Weekly APNews coverage volume of the Boston Red Sox and the New York Yankees differed during the first nine months of 2025.

Variables & Method

The dependent variable in the analysis was the weekly APNews.com coverage volume of the two baseball teams. The independent variable was the team, either “Red Sox” or “Yankees.” Key words and phrases used to identify stories about the Red Sox were: “Red Sox”, “Boston Red Sox”, and “BoSox.” Key words and phrases used to identify stories about the Yankees were: “Yankees”, “New York Yankees”, and “Bronx Bombers.”

Eventually, a paired-samples t-test will be used to assess the statistical significance of coverage volume between the two teams.

Results & Discussion

The figure below summarizes each team’s weekly coverage across the first 40 weeks of the year. It appears that the coverage of the New York Yankees exceeded the coverage of the Boston Red Sox.

The most notable difference in APNews.com’s coverage appeared to be in week 26, which was the week from June 23 to June 29. The Yankees had a story count of 45, compared to only 18 stories about the Red Sox. I did some quick searching and Aaron Judge surpassed 30 home runs on June 29th, which made him the first player in MLB history to reach 30 home runs and 110 hits before the month of July. During that same time, the Red Sox dropped five of six games to the LA Dodgers and the Toronto Blue Jays, both teams that eventually advanced to the World Series.

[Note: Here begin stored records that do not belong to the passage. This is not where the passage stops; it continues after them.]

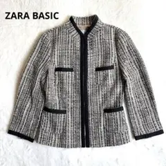 ZARABASICツイードジャケット ノーカラー 赤 S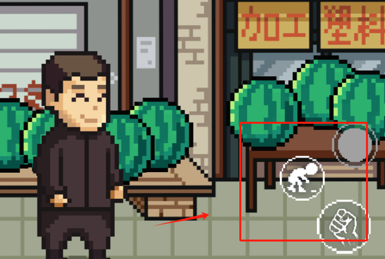 3、留意屏幕下方红框内的下蹲、出拳按钮,不用手指去按压它们,直接操控角色击打西瓜就可以了。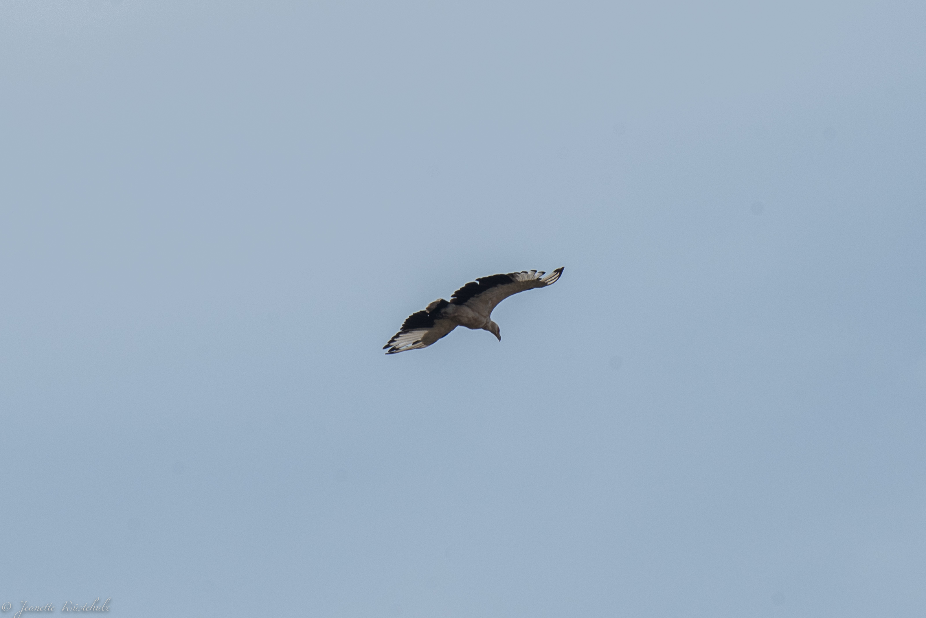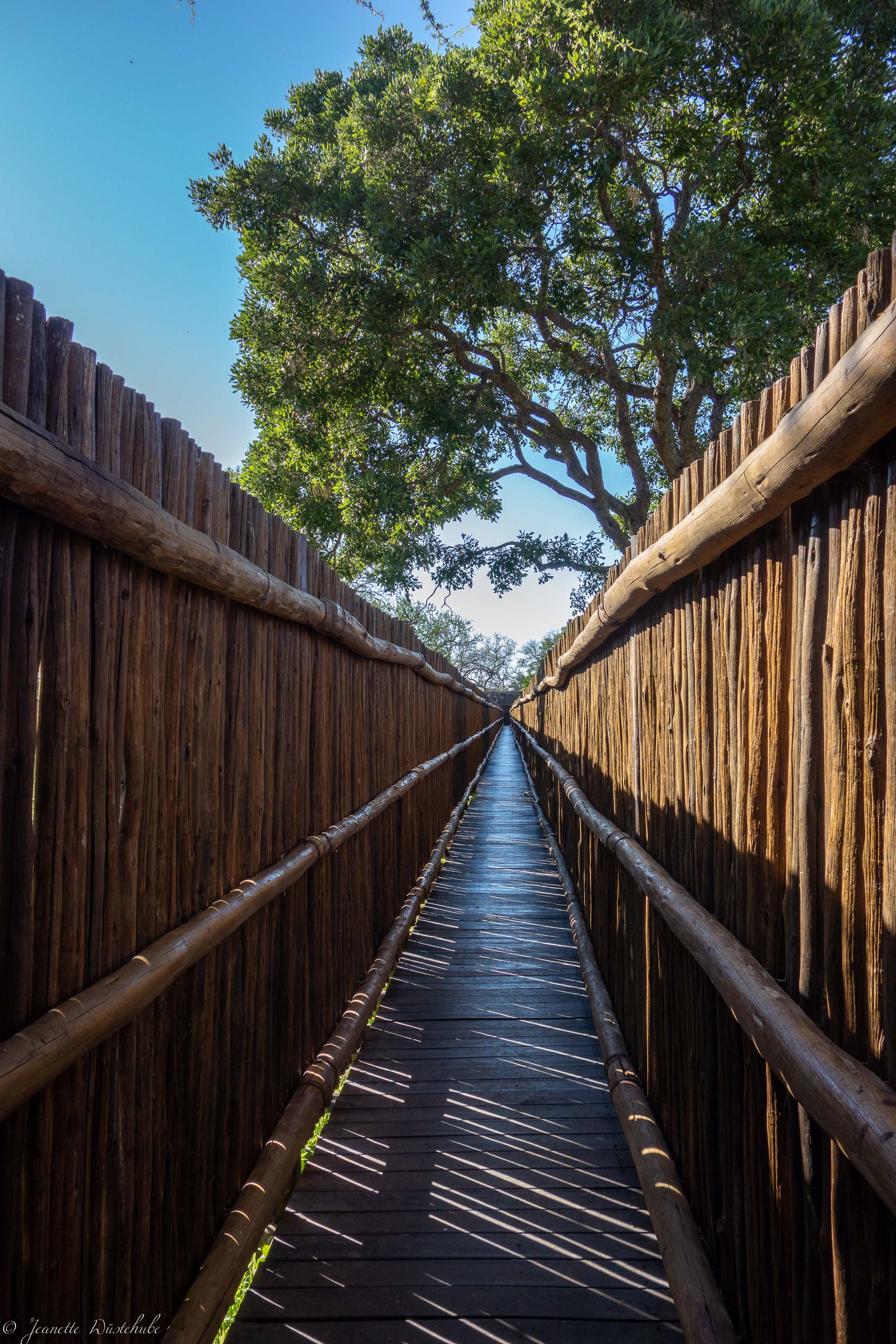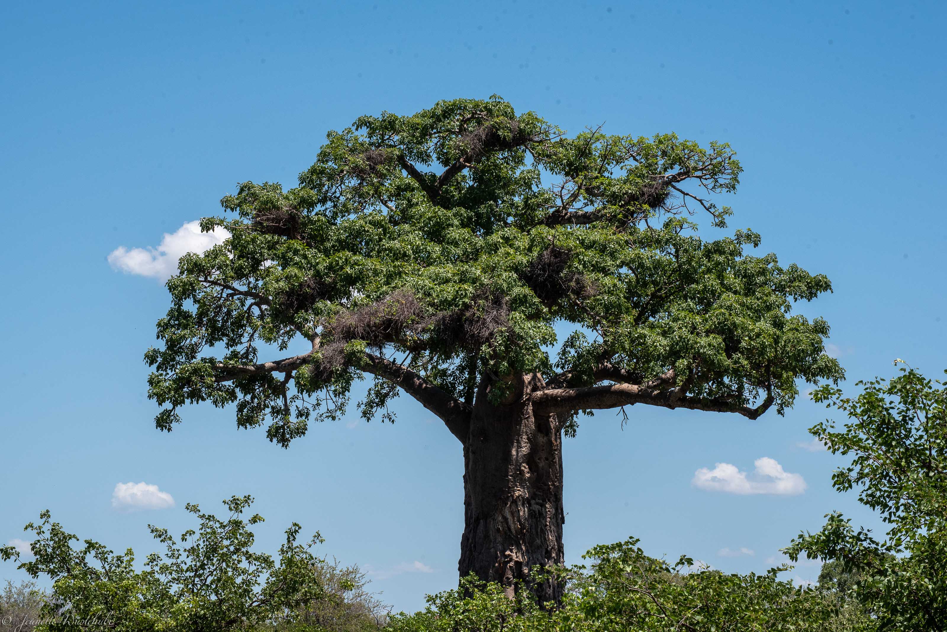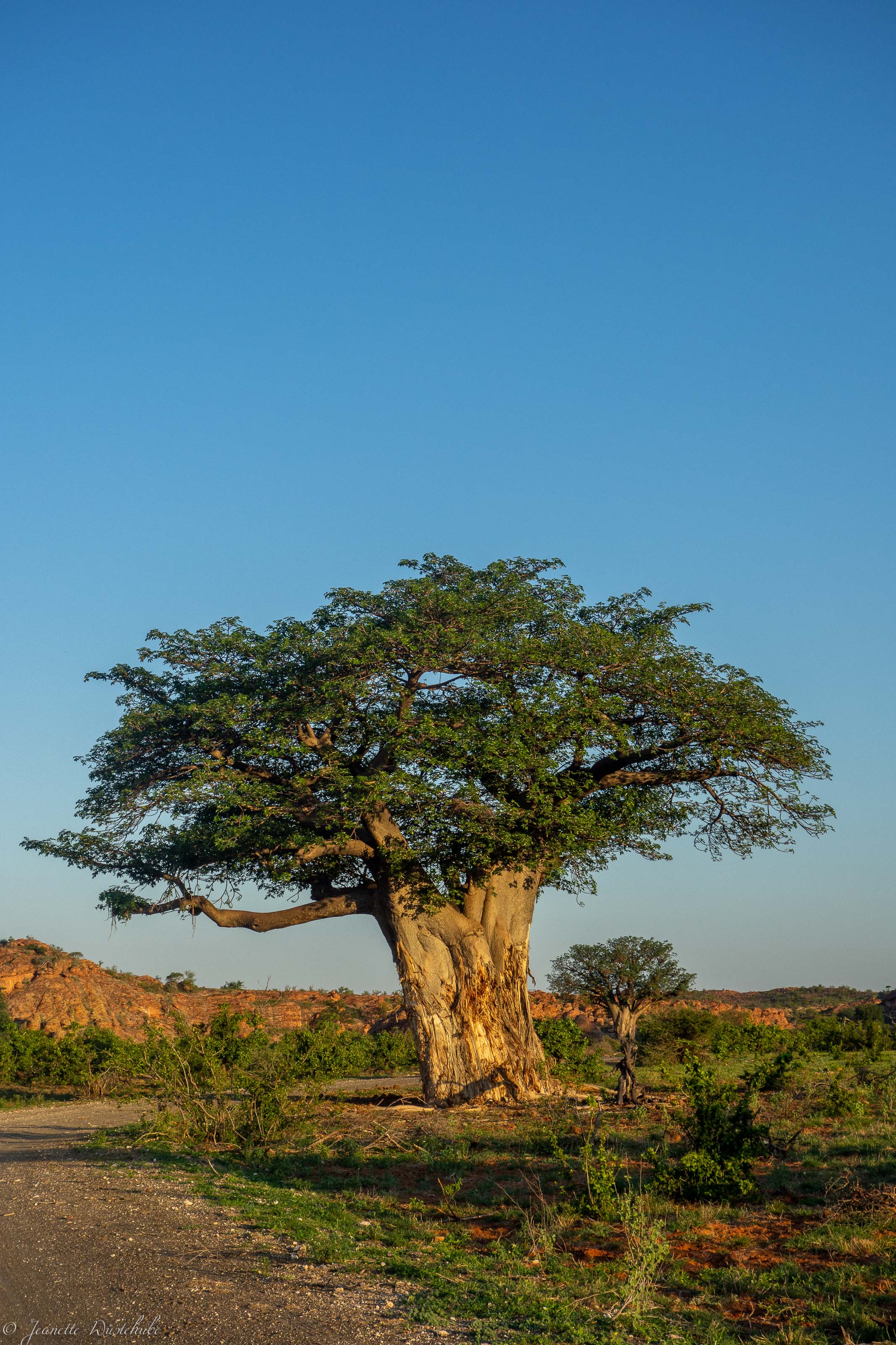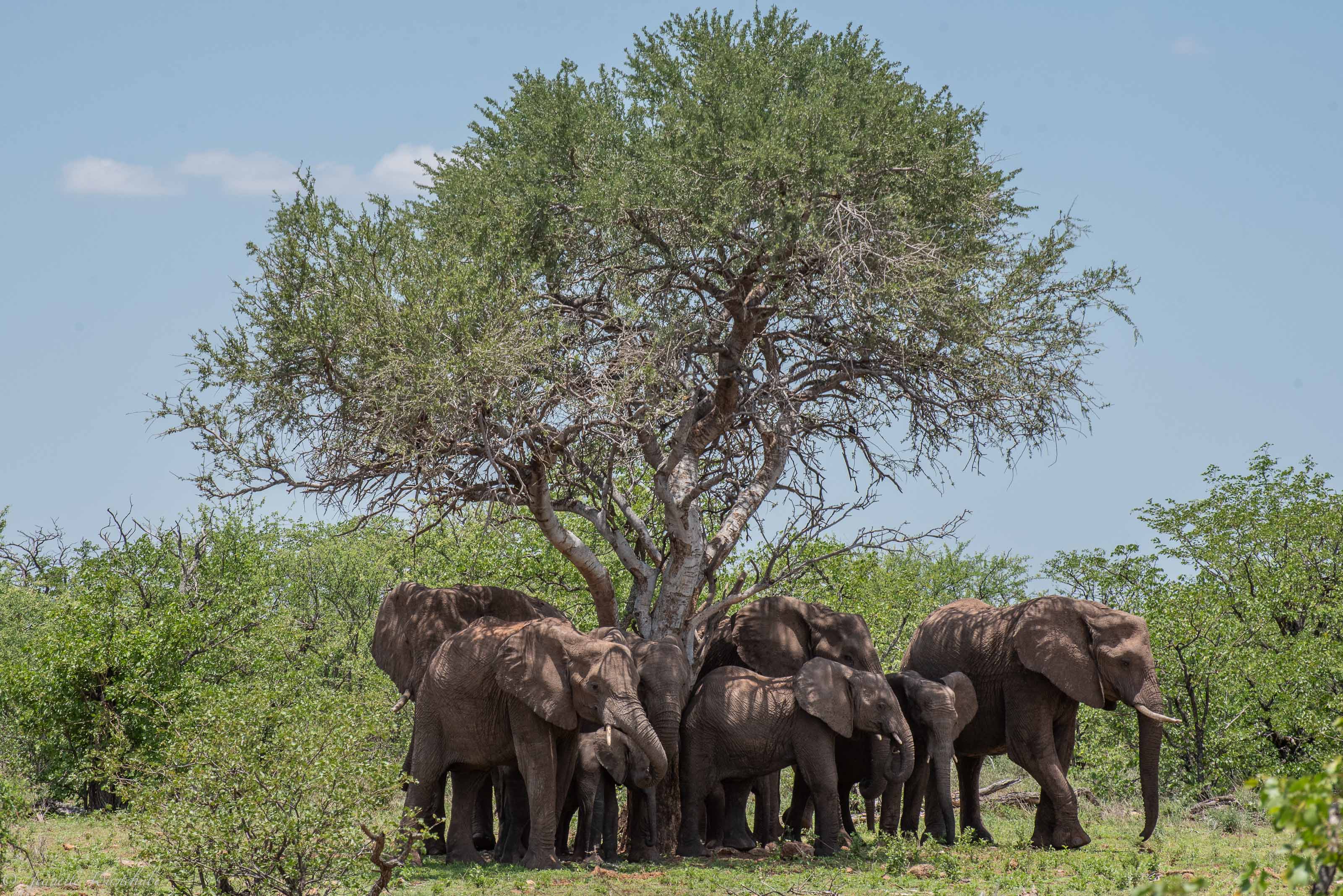 Die Nächte sind in der Regel ja schon kurz, weil viele Südafrikaner mit der Sonne aufstehen und man kurz nach Sonnenaufgang auch die Camps verlassen und auf Gamedrive gehen kann. Außerdem wird es, ist die Sonne erst mal da, schnell warm im Zelt und so steht man von alleine spätestens um 7 Uhr auf. In Mazhou war es erst ab 6 Uhr erlaubt loszufahren, Sonnenaufgang war etwa 30 Minuten früher. Unsere direkten Zelt-Nachbarn waren ruhige Frühaufsteher, wurden aber von einem anderen Camper bereits um 4:30 Uhr besucht, der diese ohne Rücksicht auf die übrigen Campinggäste, in voller Lautstärke vollquatschte. In so einem Zelt hat man ja leider keinen Schallschutz und entsprechend wird man dann schnell wach, wenn es neben einem laut ist. Außerdem hatte es auch in der Nacht leider nicht abgekühlt. Wir schliefen ohne Decken und waren schon beim Aufwachen nassgeschwitzt. Also konnten wir um 4:30 Uhr auch nicht mehr schlafen und standen zeitig auf. Nach und nach verließen die meisten anderen Gäste das Camp und erkundeten die Gegend. Wir schlossen uns nach dem Frühstück an. Zuerst fuhren wir zu einer an einer großen Wasserstelle gelegenen Hide, von der aus man gut Vögel und Krokodile beobachten konnte. Danach drehten wir eine Runde durch den westlichen Teil, auf der wir einige Elefanten sehen konnten. Einer rannte los, als er unser Auto kommen sah. Scheinbar sind hier die Tiere noch nicht so sehr an Autos gewöhnt wie in anderen Parks. Dann fuhren wir zurück zum Haupteingang um zu entdecken, was es im östlichen Teil zu sehen gab. Der Osten des Mapungubwe ist größer und bietet mehr Straßen für Erkundungsfahrten. Das Gebiet ist deutlich felsiger und hat einen ganz anderen Baumbestand. Man sieht viele der eindrucksvollen Baobabs, dazu gibt es Busch- und Grasland. Außerdem kann man an einigen Stellen aussteigen und ein bisschen laufen, was bei den vielen Autofahrten eine willkommene Abwechslung ist. Vom Baumwipfelpfad aus, der bis an den Limpopo und weiter an diesem entlang führt, hat man einen schönen Blick auf den Fluss und man kann sich auf den beschatteten Bänke ausruhen oder einen Sundowner zu sich nehmen.

The peak for Boston Red Sox stories came in week 25, with 25 published stories mentioning the team. Upon a deeper review of their schedule, the Red Sox traveled to San Francisco to face the Giants just one week after trading them their best hitter, Rafael Devers. The first game against his former team likely contributed to the spike in media attention.

Overall, the results suggest differing coverage of the two teams and possible nonrandom patterns in media attention, where spikes for one team may correspond to dips in coverage of the other.

Code:

Here is the code that produced this figure.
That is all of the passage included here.